Dal punto di vista economico?
Dal punto di vista economico, l’ipotesi è che si sia arrivati a un punto in cui il divario tra l’arricchimento di una parte e l’obiettivo egualitario finale si sia ampliato eccessivamente. Il numero di miliardari, secondo Forbes, sono passati dai 388 del 2020 ai 626 del 2021, trend in netto contrasto con la persistente povertà di molte aree del paese.
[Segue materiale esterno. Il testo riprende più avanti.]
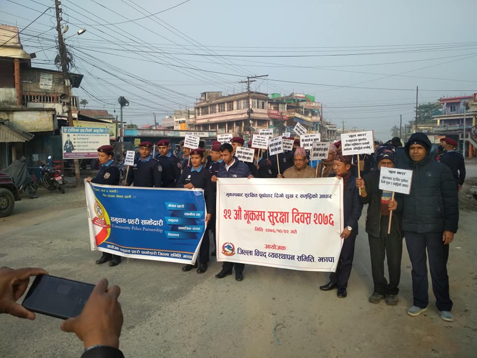 प्रदेशसभा सदस्य, कार्यालयका प्रमुख, कर्मचारी, भद्रपुर नगरपालिका प्रमुख, उपप्रमुखलगायत सहभागी प्रभातफेरीमा ‘घटाऔँ भूकम्पको खतरा जागरुक भई’, ‘आउला भूकम्प भत्काउला घर’, ‘जिउधन जोगाउने हाम्रो कर’, ‘सस्तो सुलभ वैज्ञानिक प्रविधिको विकास गरौँ’लगायतका नारा लेखिएको प्लेकार्ड बोकिएको थियो ।

Nel contesto internazionale?
Inoltre, la prosperità comune va letta in continuità con la “strategia della doppia circolazione” presentata nel 2020. Quest’ultima propone di rinforzare la componente interna dell’economia (consumi e innovazione) riducendo la dipendenza dalle esportazioni e dagli investimenti. L’obiettivo e quello minimizzare i rischi derivanti dall’instabilità dei cicli economici internazionali e dall’incertezza di un contesto di politica estera sempre più ostile. La prosperità comune, dunque, rientrerebbe nella logica di una diversa allocazione delle risorse a sostegno dei consumi e, quindi, proprio della componente interna della doppia circolazione.
E nel concreto?
Il governo cinese persegue cambiamenti politici volti a:
- Generare una crescita del reddito delle famiglie e del reddito da lavoro.
- Aumentare l’accesso ai servizi pubblici, tra cui sanità e istruzione.
- Ridurre il costo della vita e quello dei servizi pubblici.
- Potenziare gli ammortizzatori sociali, attraverso l’espansione di pensioni e programmi generali di previdenza sociale.
- Migliorare il meccanismo di ridistribuzione della ricchezza attraverso la riforma fiscale e relative normative, ad esempio, una possibile riforma dell’imposta sul reddito delle persone fisiche, dell’imposta sui consumi e dell’imposta fondiaria.
- Favorire lo sviluppo della “distribuzione terziaria”, ovvero la beneficenza aziendale e le donazioni.